We have looked at the issue of collisions between boats and, while that is very important, the thing we are most likely to hit -- especially with the low lake levels -- is the lake bottom or things attached to the bottom.
Our lake now provides us with great opportunity to "go aground," and the prudent boater will take extra precautions to reject this opportunity.
There is an old saw that there are just two kinds of boaters -- those who have gone aground and those who will. While that might be true, there are some ways to prevent grounding, and then there are some ways to recover.
FIRST, PREVENTION. We need to pay attention to the environment -- lake levels and where the shallow areas and protrusions (trees, rocks and shallows) are located. Local knowledge is king. Ask other boaters what they have found and then mark your chart accordingly. When you discover danger areas, mark them and report your observations to your marina and fellow boaters.
If you do not have a depth finder, get one. These inexpensive (compared to the damage of grounding) instruments are very accurate. You need to know what parts of your boat extend below the depth finder's sensor.

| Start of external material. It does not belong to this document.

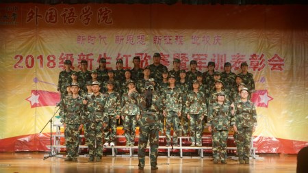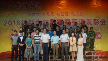 本网讯 9月14日晚,外国语学院“新时代新思想新征程迎校庆2018级新生红歌赛暨军训表彰会”在欣苑四楼大学生活动中心举行。学工(部)处处长彭庆刚、团委副书记任琪、武装部副部长宋齐、外国语学院党政领导孙志农、黄庆华、张剑韵及全体新生班主任出席活动,部分兄弟学院辅导员及飞扬音乐社负责人应邀担任评委,学院全体2018级新生参加了活动。
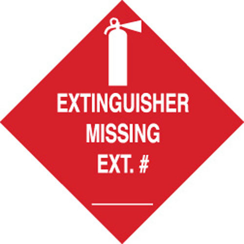 Brady, 90379, 3.5" x 3.5" Polyester Extinguisher Missing Ext # Sign, White on Red

For instance, on my boat, which draws one foot, the sensor is on the rear bottom. My outboard extends down another foot. I now know what the depth is from my sensor to the bottom; the actual depth of the water will be one foot more. I also know that, as far as my boat is concerned, I need to plan on the depth being one foot less that the depth finder reading due to my propeller's depth.

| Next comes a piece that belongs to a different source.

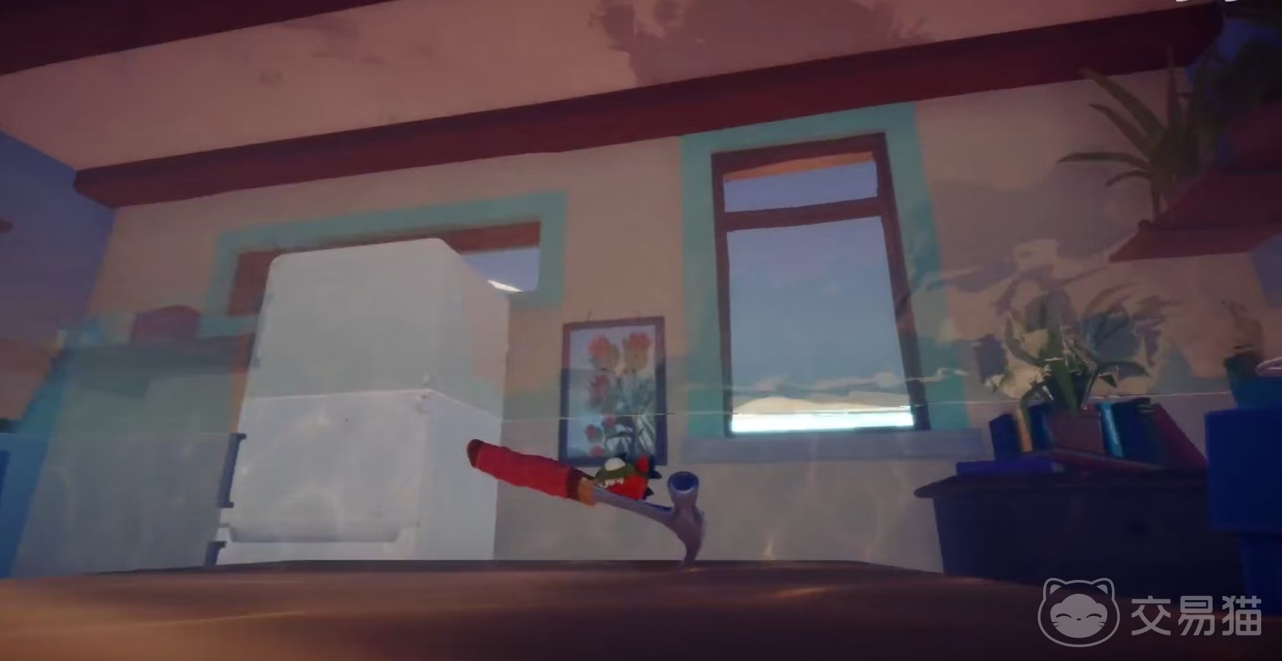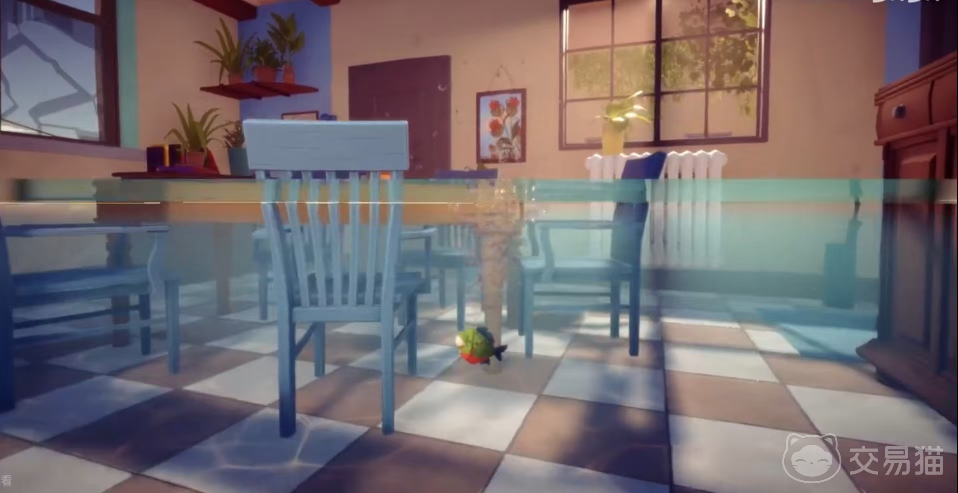 首先是关卡1,食人鱼从餐厅出发,通过咬断自家和隔壁的水管让水流入家中,使水位上升超过窗台,再撞碎玻璃进入窗外玻璃瓶,沿着路径前进,在路上躲避鸽子袭击,然后借助电线杆等道具,最终到达有鸽子的窗台,让鸽子带着它飞向大海。

Most depth finders also depict trees on the bottom. Right now, this is vital information.
Keep a good lookout. Have someone dedicated to looking at the water directly ahead of the boat. Often the use of polarized sunglasses and binoculars is helpful. To make the lookout effective, drive slowly.
Be aware of the aids to navigation (ATONs). Stay in the channel. If you are boating on the northern part of the lake, stay really close to the mid-channel markers (white buoys with black vertical strips). Also be aware that they are sometimes off station due to winds or broken anchors. If it doesn't look right, it probably isn't, so a very slow speed might be called for. Remember, you are now an explorer into an undefined environment.
No matter what you do, you still might run aground or hit a submerged object. If that happens, come to a stop -- if you haven't already done that the hard way. Next, have everyone put on their life jacket. Then examine your hull and the engine lower unit(s) for damage.
SECOND, HOW TO RECOVER . If you are truly stuck, here are some maneuvers that can help:
- Find out what part of the boat is stuck. If it is the engine, raise it and see what that does. You then might have to get out and push the boat away from whatever you are grounded on, and then restart your engine.
- If the bow is stuck, move everyone to the stern, thus raising the bow. The reverse works if the stern is stuck.
- Ask for help by radio, cell phone or hand signal. A good pull, either forward or astern, might solve the problem.
In any event, there are two things not to do. Don't panic. Unless your boat is taking on water, you are probably safe and can await help. Second, do not try to swim to shore unless it is close. (You might be able to just walk to shore with our lake like it is.)
On Sept. 28, Coast Guard Auxiliary Coxswain Carl Dearmin and crew did an ATON inspection patrol from Hickory Knob Park to the Russell Dam. Things are not good. Above buoy 130, the buoy system is unreliable due to the wrong location of many of the buoys. The most extreme condition was that buoy 113 is six miles off- station.
Due to budget cuts, it is unlikely the Corps of Engineers will be able to restore the system in the near future. When they do, we will let you know.
The patrol also found many new sandbars, hills and trees broaching the surface or just below the surface.
Make no mistake about it. Our lake is still a paradise and the prudent boater can still find much enjoyment -- but the key word is prudent.